### DATA BELOW

○ ○ ○ ○ ○

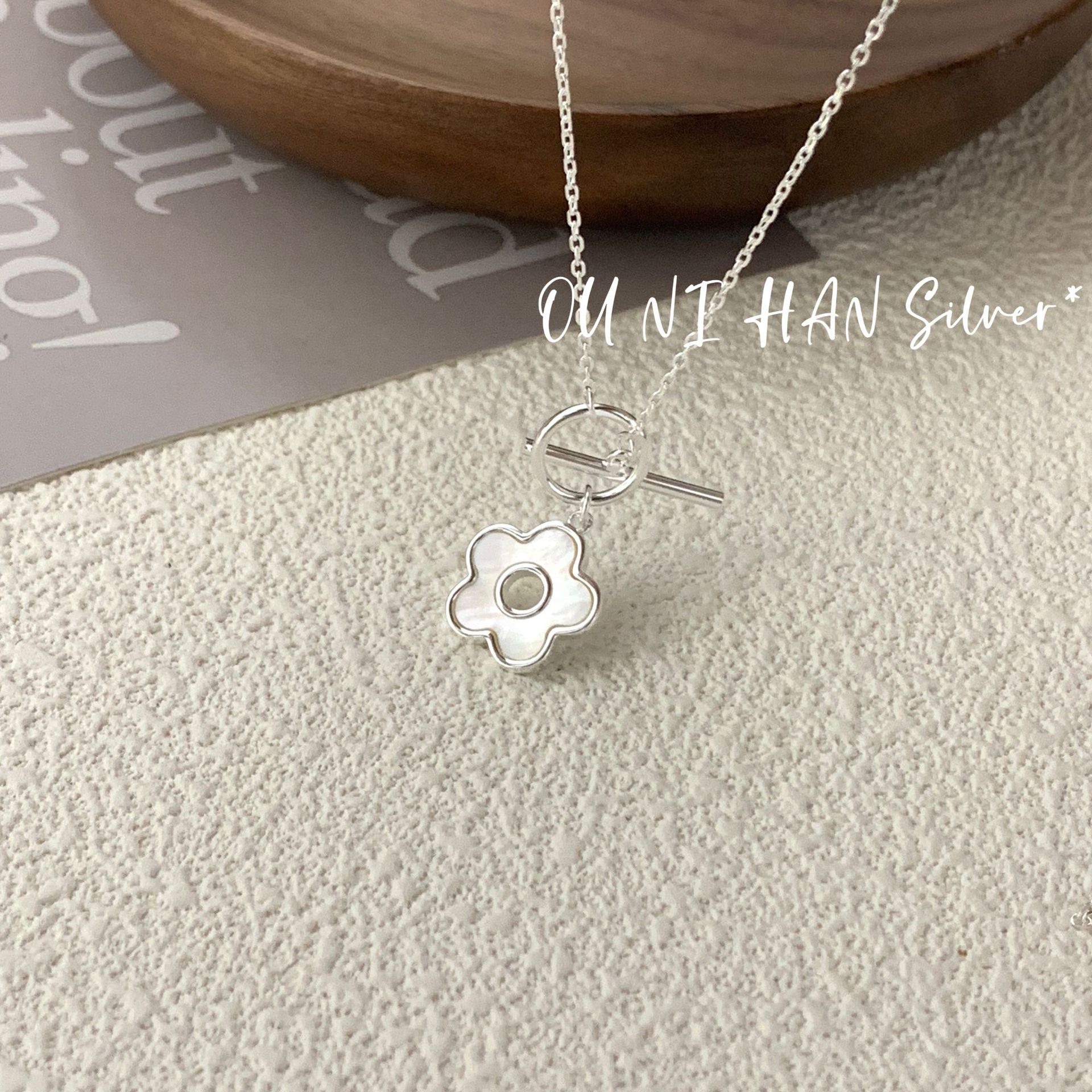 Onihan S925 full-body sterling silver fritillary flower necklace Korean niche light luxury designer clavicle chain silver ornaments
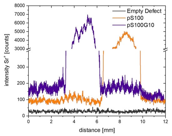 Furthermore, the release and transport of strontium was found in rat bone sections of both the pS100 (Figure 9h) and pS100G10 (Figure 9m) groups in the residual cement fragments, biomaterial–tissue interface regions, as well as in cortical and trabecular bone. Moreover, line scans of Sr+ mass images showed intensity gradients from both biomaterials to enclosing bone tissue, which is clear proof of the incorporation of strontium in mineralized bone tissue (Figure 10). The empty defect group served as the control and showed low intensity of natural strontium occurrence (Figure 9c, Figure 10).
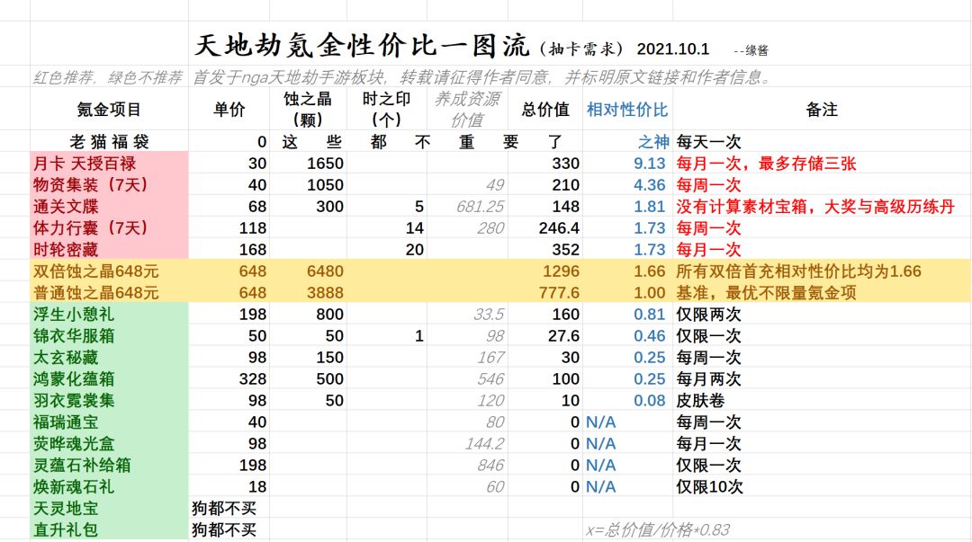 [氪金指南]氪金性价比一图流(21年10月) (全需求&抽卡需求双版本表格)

○ ○ ○ ○ ○

### WHAT IS BEING ASKED
Reproduce the lines of the data that run from the one containing "Furthermore, the release" to the final line, both included, exactly as they appear and without the pictures.

### RESPONSE
 Furthermore, the release and transport of strontium was found in rat bone sections of both the pS100 (Figure 9h) and pS100G10 (Figure 9m) groups in the residual cement fragments, biomaterial–tissue interface regions, as well as in cortical and trabecular bone. Moreover, line scans of Sr+ mass images showed intensity gradients from both biomaterials to enclosing bone tissue, which is clear proof of the incorporation of strontium in mineralized bone tissue (Figure 10). The empty defect group served as the control and showed low intensity of natural strontium occurrence (Figure 9c, Figure 10).
 [氪金指南]氪金性价比一图流(21年10月) (全需求&抽卡需求双版本表格)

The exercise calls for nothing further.